Identification of the suspicious proteins

A list containing the amino acid sequences of the 4 proteins (called suspect1 through 4) is given here.

Attention: The amino acid sequences are given in the 1-letter code most scientists use. This was discussed in the introduction. If you do not know the code, you can use this list.

You now have enough information to start your investigation. For each of the unidentified proteins you must answer these five questions:

1.    Which protein is it?

2.    From which organism does it originate?

3.    What is the function of this protein?

4.    Is this protein "guilty"? Could it be responsible for the death of the tourist? Why (not)?

5.    Does the protein have any other remarkable features?

You can use this form (Word | PDF) to write down you answers.

BLAST is a program used to compare a given protein sequence with all the protein sequences present in the Uniprot database. This database contains all protein sequences known to science. We will use BLAST within uniprot.org.

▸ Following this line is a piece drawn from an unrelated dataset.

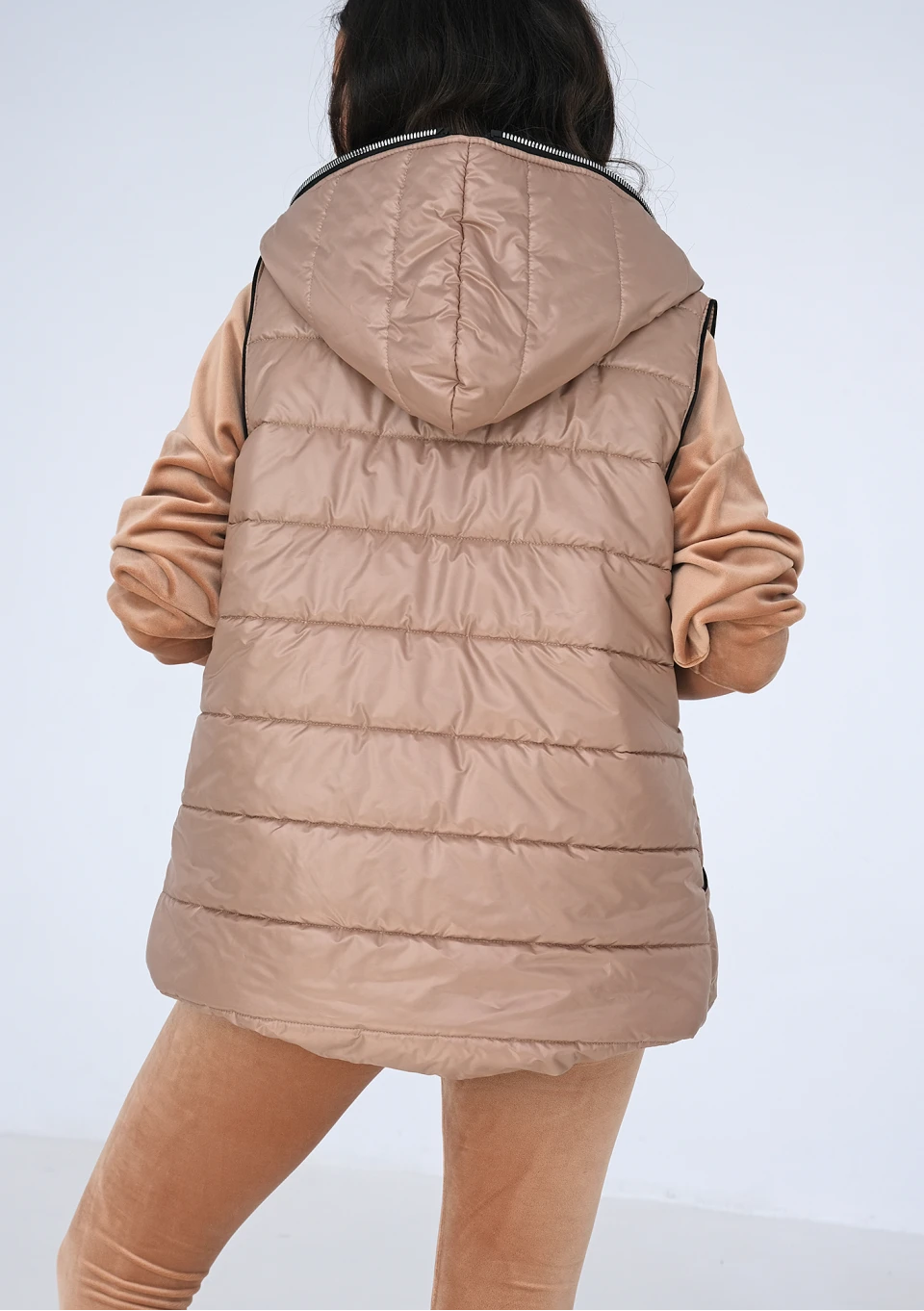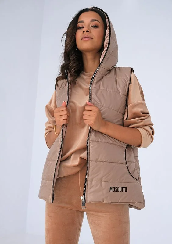 Vicky - quilted sleeveless nude beige jacket with a logo

To help you get acquainted with Uniprot and BLAST, we will take protein suspect1 and guide you through the process. Afterwards, you can continue your investigation with suspect2, 3, and 4 to find out which of the suspects is guilty.



Exercise 1:

Start a browser and go to uniprot.org. The opening screen looks like this:

 

Exercise 2:

Click on the BLAST tab in the top row. Below, you see an example containing the amino acid sequence of the first suspect. The first line should always start with a >, followed by the name of the protein (this is the so-called FastA format). Here we chose the name suspect1.

Exercise 3:

Go to the webpage that shows the list of unidentified proteins. The amino acid sequences of the 4 candidate proteins are written in the correct format for use in BLAST.

·      Copy the sequence of suspect1 into the Blast input field.

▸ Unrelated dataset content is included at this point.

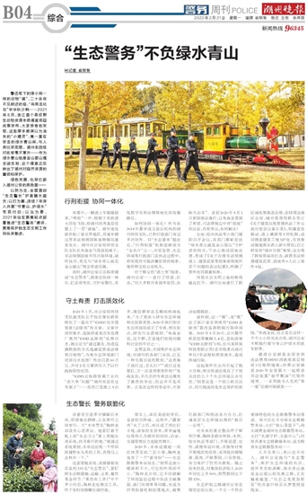 以防为主,全国首创“生态警长”护美碧水蓝天;以打为基,连续7年深入开展“守青山、护绿水”专项行动;以治为要,2021年站在更高起点部署推进“生态警务”建设,更是将护航生态文明工作向纵深推进。
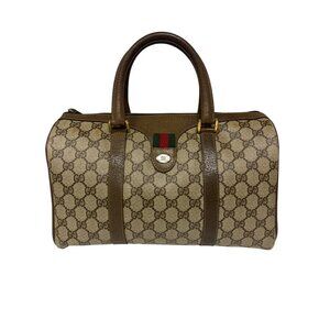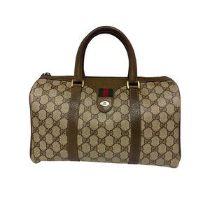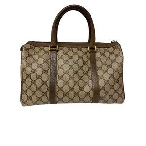 Vintage Gucci GG Supreme Boston Bag Sherry Line Handbag Logo PVC Leather

·      Click on the  button (next to the input field).

You are now forwarded to the next screen, showing “Job Status: RUNNING” while BLAST is busy.

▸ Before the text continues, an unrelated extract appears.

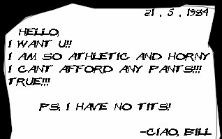 Översatt lyder texten ungefär: "Hejsan! Jag vill gå i säng med dig. Jag är så atletisk och har horn. Jag kan inte få upp den. Säkert! PS: Jag kan inte titta." Brevet

If many people are using BLAST simultaneously, this may take some time. Do not forget that you are working with a database containing hundreds of thousands of protein sequences. 

When the search is completed, a table showing the results appears, which looks like the one given here (the numbers may vary because of UniProt updates) :

 

 

This output means that 250 hits have been found in the UniProt database. In other words, at least 250 proteins have an amino acid sequence similar to suspect1.

The graphical overview gives you the so-called hitlist, the list of protein sequences found in the UniProt database that are similar to suspect1. The protein at the top is the most similar to your query sequence, suspect1. The code of the sequence is CASA1_BOVIN.



The green and yellow bars show how much of the query sequence and how much of the match sequence is similar. Here, the complete query sequence (see length of the blue line at the top) is covered by similar matching sequences (see length of green and yellow bars). The colored bar at the top gives you the legend for the level of sequence similarity. How similar is the best hit?

Exercise 4:

Scroll down to see some more detailed information about the individual matches:

 

The number under E-Value shows how good the best result is. If this number is small (which is the case here, since it is 1.0 x 10^-112), the result is reliable.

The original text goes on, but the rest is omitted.